→ Task directions
Pictures are not part of the copy; reproduce the remaining data exactly.

→ Provided material
=-=-=

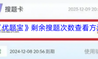 优题宝APP查看剩余搜题次数的方法非常简单:用户只需打开优题宝APP,登录后进入“我的”页面,接着点击“搜题卡明细”,系统即会展示出当前剩余的搜题次数,方便用户随时查看和管理,随
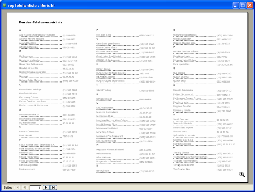Im Folgenden erstellen Sie ein Telefonregister, in dem Sie alle Kunden alphabetisch sortiert und nach dem Anfangsbuchstaben gruppiert ausgeben.
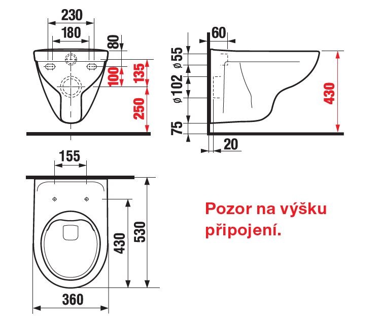 Lyra plus, závesné WC, 530x360 mm, Rimless, biela

=-=-=

→ Exercise solution
 优题宝APP查看剩余搜题次数的方法非常简单:用户只需打开优题宝APP,登录后进入“我的”页面,接着点击“搜题卡明细”,系统即会展示出当前剩余的搜题次数,方便用户随时查看和管理,随
Im Folgenden erstellen Sie ein Telefonregister, in dem Sie alle Kunden alphabetisch sortiert und nach dem Anfangsbuchstaben gruppiert ausgeben.
 Lyra plus, závesné WC, 530x360 mm, Rimless, biela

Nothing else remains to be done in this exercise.